The Mysteries of Oil Changes Debunked

Extending the life of your car and cutting the costs of maintenance is a top priority for most car owners. One of the most effective ways to accomplish this is by getting regular oil changes. However, there is always much debate on how often it should be changed. While many people stick to the old adage of every 3,000 miles, depending on your car and oil type this may not be enough or more likely too often.

Conventional Motor Oil vs. Synthetic Motor Oil

This question is subjective to each auto owner’s preferences really, or more so, their individual driving style of their particular vehicle. But a good place to start is the difference between the two major types of oil used in cars around the world.
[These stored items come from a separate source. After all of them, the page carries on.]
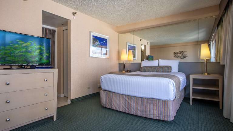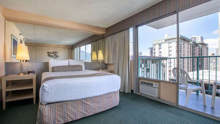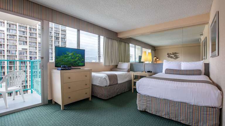 Das Hotel bietet 163 Nichtraucherzimmer auf 16 Etagen, die bequem mit dem Aufzug erreichbar sind. Zur Ausstattung gehören ein Flachbild-TV und ein DVD-Filmverleih. Die Deluxe und Superior Zimmer verfügen über einen eigenen Balkon. Eine Mikrowelle, ein Minikühlschrank und eine Kaffeemaschine mit hawaiianischem Kaffee sind ebenfalls vorhanden.
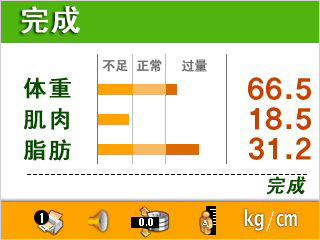浮肿指数,节段性浮肿指数, 内脏脂肪面积(18岁以下未成年人显示成长曲线)营养评估(蛋白质,无机盐,体脂肪), 均衡分析,身体力量,健康诊断, 目标体重,体重控制脂肪控制,肌肉控制,健康评估,
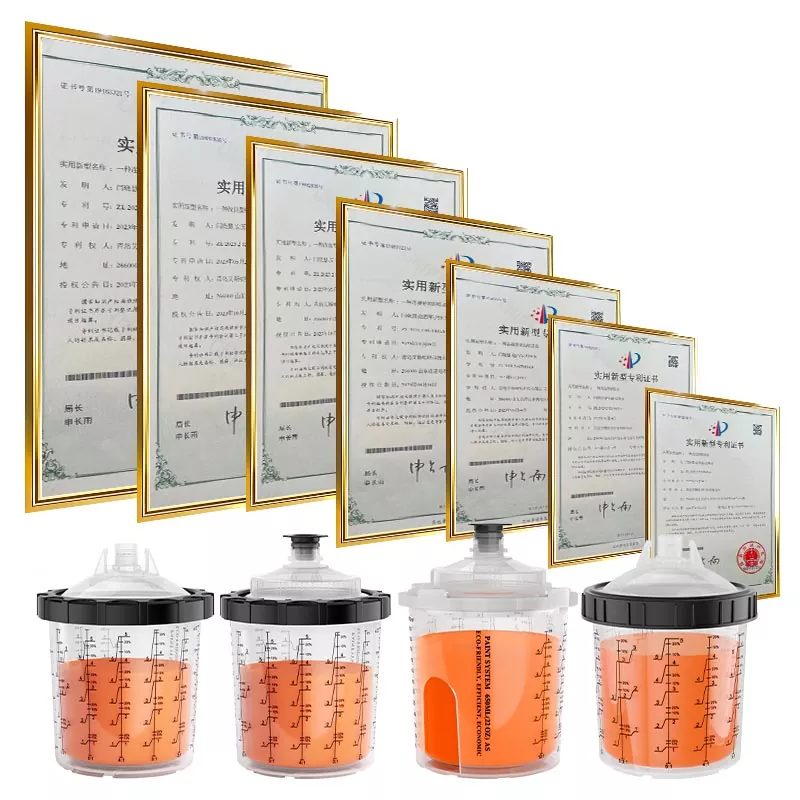 Il sistema di tazze spray usa e getta AYSPAT è composto da cinque parti: una tazza esterna con una scala, un rivestimento monouso in PE, un coperchio con filtro, un collare che collega la tazza e il coperchio e un tappo con una base. Questo sistema combina molteplici funzioni come la miscelazione, il filtraggio, la spruzzatura, lo stoccaggio della vernice, semplifica il processo di pre-preparazione per la verniciatura a spruzzo e consente di risparmiare sui costi di acquisto di imbuti di carta e tazze di miscelazione della vernice separati.

You have the traditional oils and you have the more modern synthetic oils. Traditional motor oil is mostly made up of crude oil, which is the result of the heavier stage in the petroleum refining process. Synthetic motor oil is entirely man-made and are more fuel efficient and provide extended life intervals. Organic compounds or synthetic hydrocarbons are the origin of synthetic oil and the process involves rearranging the molecules so they are all the same dimension (size, shape & weight). Naturally, this does not happen unless we tamper with the molecules. So synthetic oils are technically customized to provide the greatest lubrication characteristics.

Conventional Motor Oil

This is your typical “change every three months or 3,000 miles, whichever comes first” motor oil. It has become a less popular choice now although some die hard car junkies still cling to it’s cost effective characteristic. Derived from petroleum, conventional motor oil breaks down the quickest and is no longer used in high performance applications, especially endurance racing. Higher temperatures and abuse that extended driving periods bring has led to many abandoning this motor oil for more resistant and efficient choices. For many vehicles, you can literally perform an oil change (with new filter) on your car for less than $20. So this is popular budget choice for many.

Synthetic Motor Oil

The main difference that determines oil change intervals is that synthetic motor oil retains higher extreme temperature resistance to breaking down. Therefore, you can go longer on synthetic motor oil before servicing an oil change again. Synthetic motor oils are good for about 7,000 to even 20,000 miles with some synthetics while the conventional motor oil wears quicker and should be replaced around every 3,000 miles. Buying less oil also means dumping less oil back into the environment. Synthetics have been proven to be cleaner in composition due to the fact that they are created in a lab. Also, synthetics have been proven to enhance horsepower and engine efficiency because they produce less resistance when the engine is in motion and under stress.

Synthetic Blend Motor Oil

There is also a category of motor oil which is a combination of the two. Synthetic blends offer better longevity and protection than conventional motor oil although less than full synthetics. They are a popular option to many as they are cheaper than full synthetic motor oils. The longevity of the three major types of motor oils really doesn’t matter all that much in the end considering the costs are relatively equalized in either which route you choose.


To keep things simple, consult the manual your car came with to ensure you are meeting the manufacturer’s recommended oil change interval. They can vary with all types of autos out there. A general rule of thumb is every 3,000 miles with conventional motor oil, every 5,000 to 7,000 with synthetic blend motor oil and every 7,000 to 15,000 with full synthetic motor oil. It is highly suggested you do some research on the brand and type of motor, especially in the car you plan to use it in, before deciding on an interval you should next change the oil again. These figures are for general consensus and many people prefer many different things in their cars. For example, I use a high quality European full synthetic (Amsoil) in my BMW M3 and change that oil at 7,000 intervals just to ensure my high performance engine is receiving the maximum protection. Others may be in a situation where their grocery getter would not be stressed during daily driving duties and therefore could stretch a full synthetic motor oil to it’s limit of say 20,000 miles. It is all relative to the tip of driving and automobile make and model you are working with. All in all, do some light research and use this as a guideline to steer you choices. Happy driving!